If I murdered someone and got away with it, I still murdered someone.

I use a definition of theft that states:

Theft the generic term for all crimes in which a person intentionally and fraudulently takes personal property of another without permission or consent and with the intent to convert it to the taker's use (including potential sale).

So to your point, yes the intention is there, but with the permission or consent. A teller is acting as an agent of the bank, and is giving permission or consent for me to intentionally leave the property with money that isn't mine.

To your example, I've I intended to murder someone, and went to their house to murder them, but when I got there, they shoot themselves while I'm in the room, I didn't murder them.
 
I use a definition of theft that states:

Theft the generic term for all crimes in which a person intentionally and fraudulently takes personal property of another without permission or consent and with the intent to convert it to the taker's use (including potential sale).

So to your point, yes the intention is there, but with the permission or consent. A teller is acting as an agent of the bank, and is giving permission or consent for me to intentionally leave the property with money that isn't mine.

To your example, I've I intended to murder someone, and went to their house to murder them, but when I got there, they shoot themselves while I'm in the room, I didn't murder them.
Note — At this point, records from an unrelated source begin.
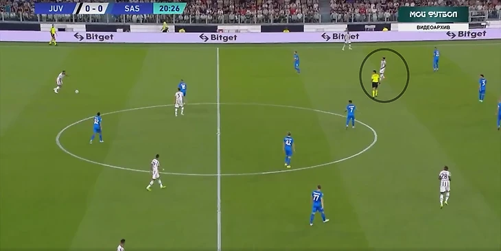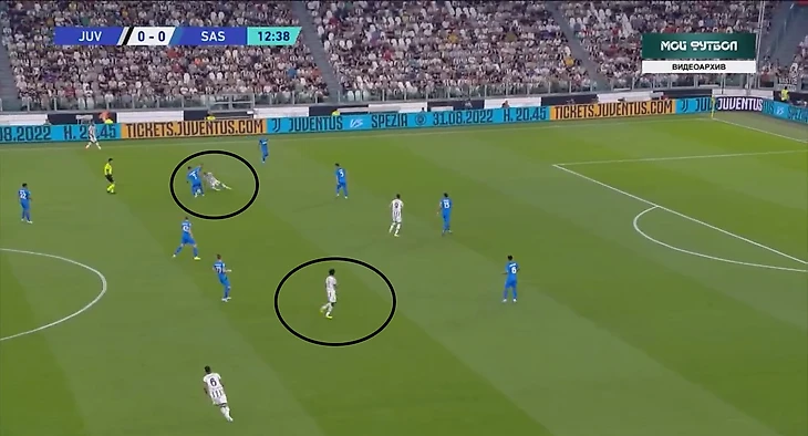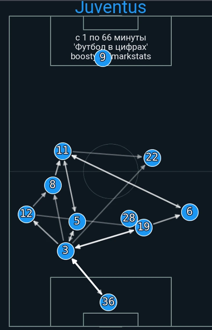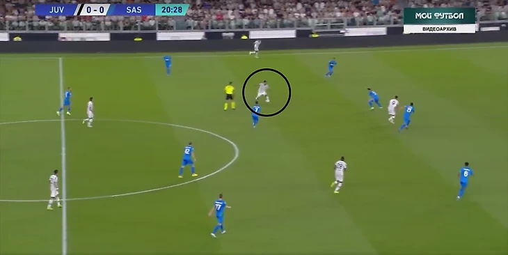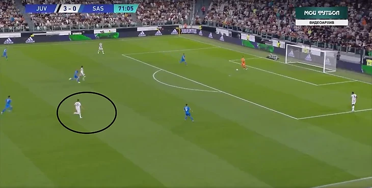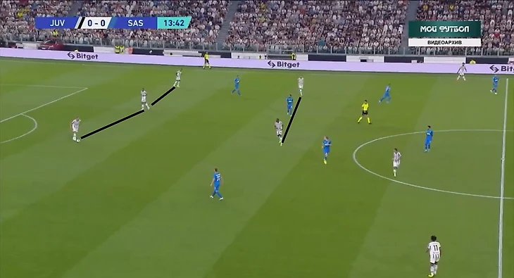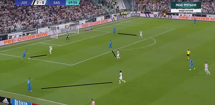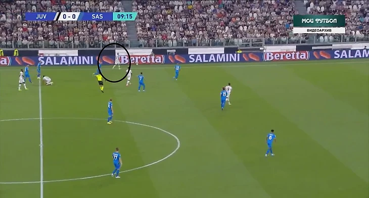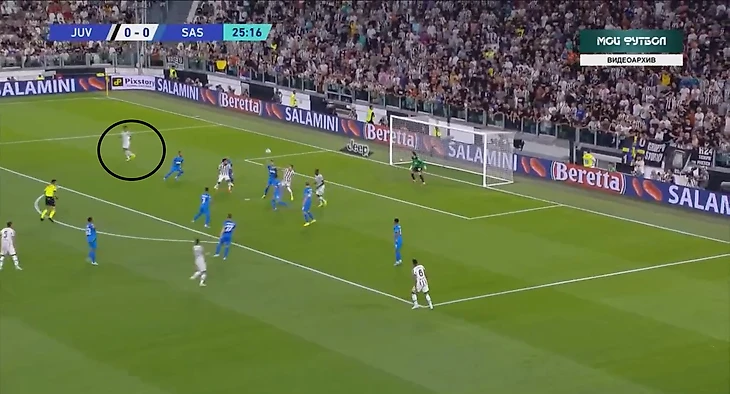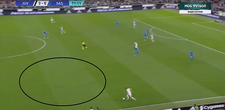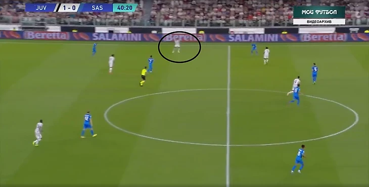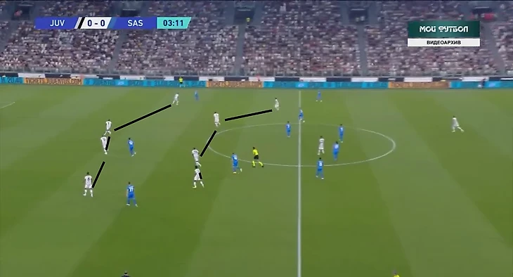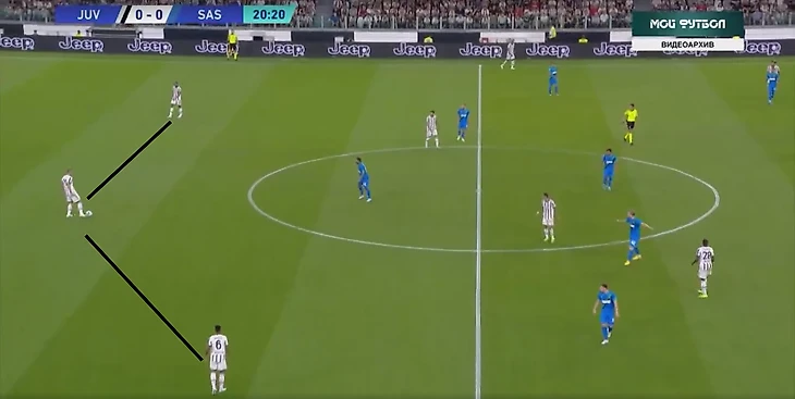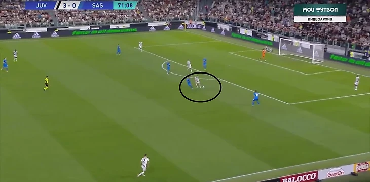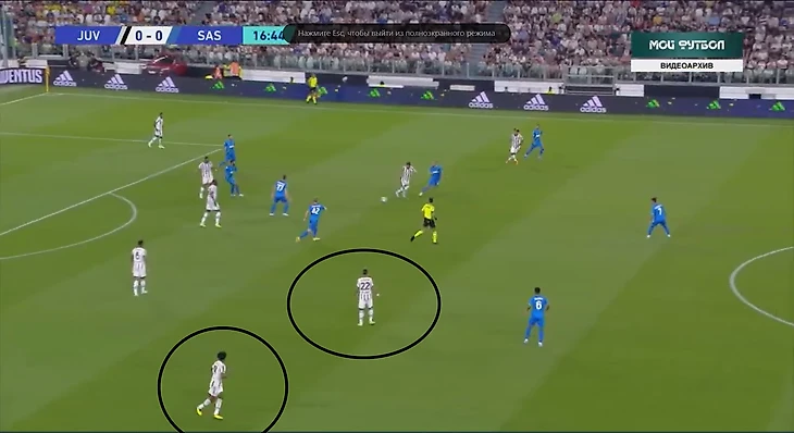 В атаке структура была иной. При построении своей атаки ситуативно создавалась тройка сзади. Это всегда происходило разными способами: опускался Локателли, либо оставался кто-то из пары Данило - Алекс Сандро. Таким образом, очень обобщенно схему Юве в атаке можно записать как 3-2-5.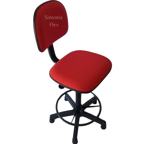 Cadeira caixa alta com aro com base sapata fixapra mercado balcao recpçao tecido vermelho Cadeira caixa - aro para apoio dos pés - prolongador de altura - madeira reflorestada - espuma injetada revestida de tecido j. Serrano anti-chamas e bordas em pvc flexivel - pés fixo com sapatas. Altura do chão aom assento: Mínima 63 cm Máximo 75 cm Marca: Sintonia Flex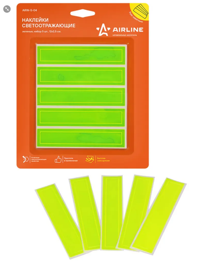 Наклейка светоотражающая 12*2, 5 см зеленая (набор 5 шт), --ARW-S-04-- (AIRLINE)

Consent is the keyword in that definition. The bank (and the teller) is ignorant to the fact that the money is being taken. The person, in fact, does not have permission nor consent to take the extra money. And that is evident in their efforts to recoup that money.

If you were to use that argument, a rogue teller could simply give away large sums of money to a friend. Since the teller is an agent of the bank, the person who receives those funds couldn't be complicit in the crime nor could those funds be recovered.